__Prompt__:
No pictures go into the output, which should consist only of the lines from the first line of the data through the line with "Support de téléphone", copied exactly.

-- Provided material follows --

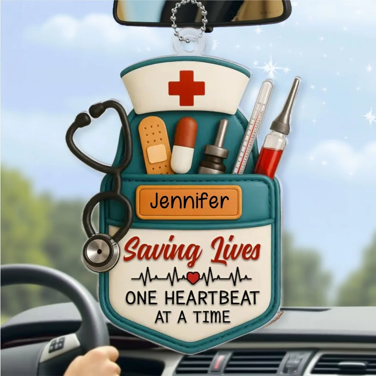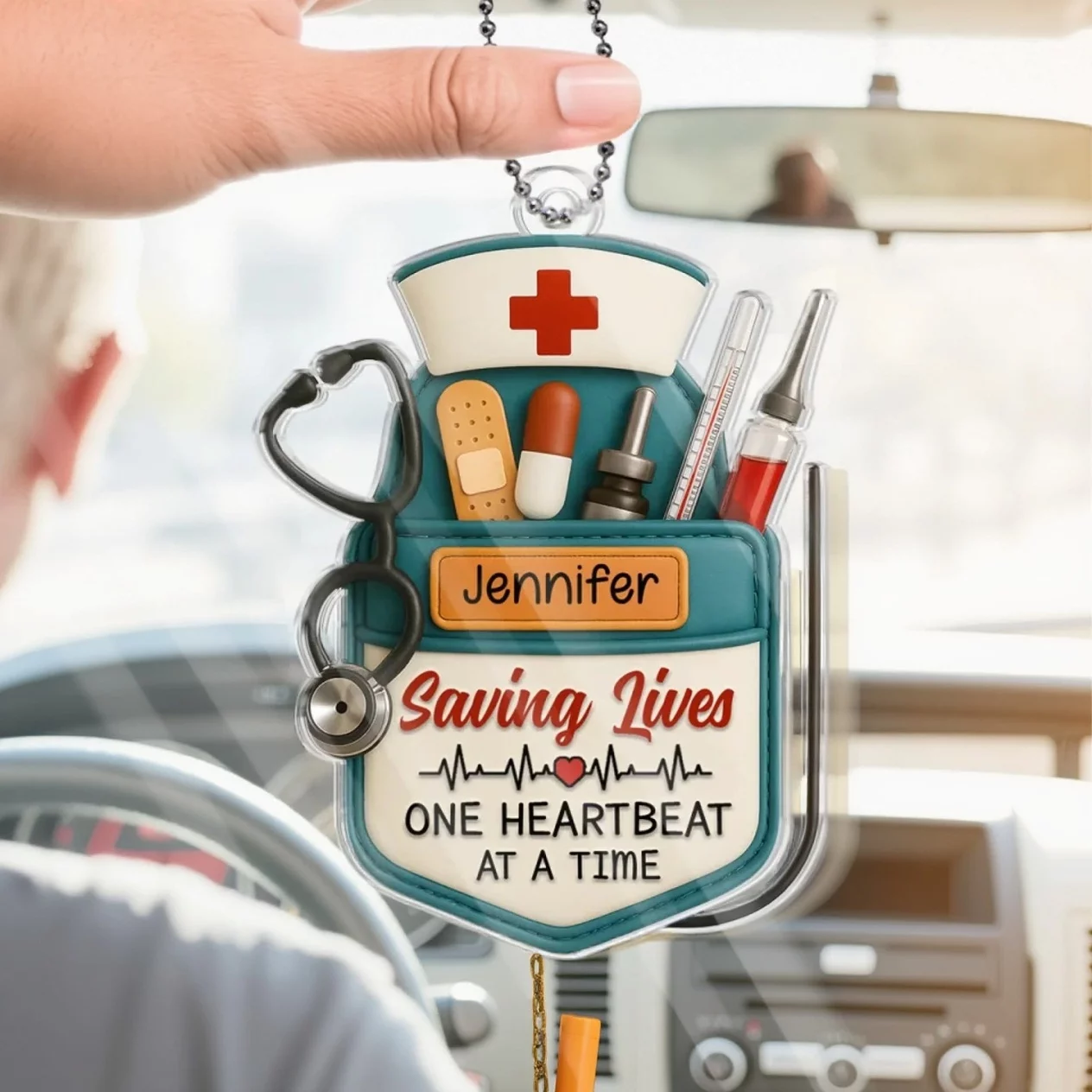 A Beat of Hope, A Chance at Life – Nurse Car Ornament – Acrylic Shaped Design – Thank You Gift for Medical Professionals
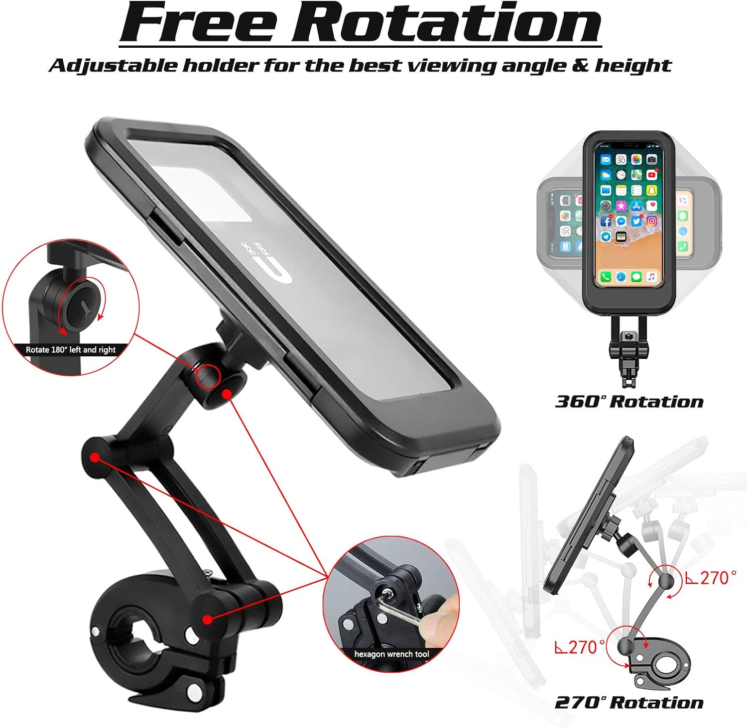 Support de téléphone portable étanche pour vélo moto réglable à 360 °
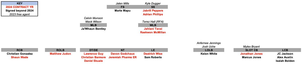 - Defensively, right now, the Patriots only have Ja'Whaun Bentley, Keion White and Sam Roberts signed beyond 2024 in the front seven, and Marte Mapu (maybe) at safety. Woof.

-- Provided material concluded --

__Response to this task__:
 A Beat of Hope, A Chance at Life – Nurse Car Ornament – Acrylic Shaped Design – Thank You Gift for Medical Professionals
 Support de téléphone portable étanche pour vélo moto réglable à 360 °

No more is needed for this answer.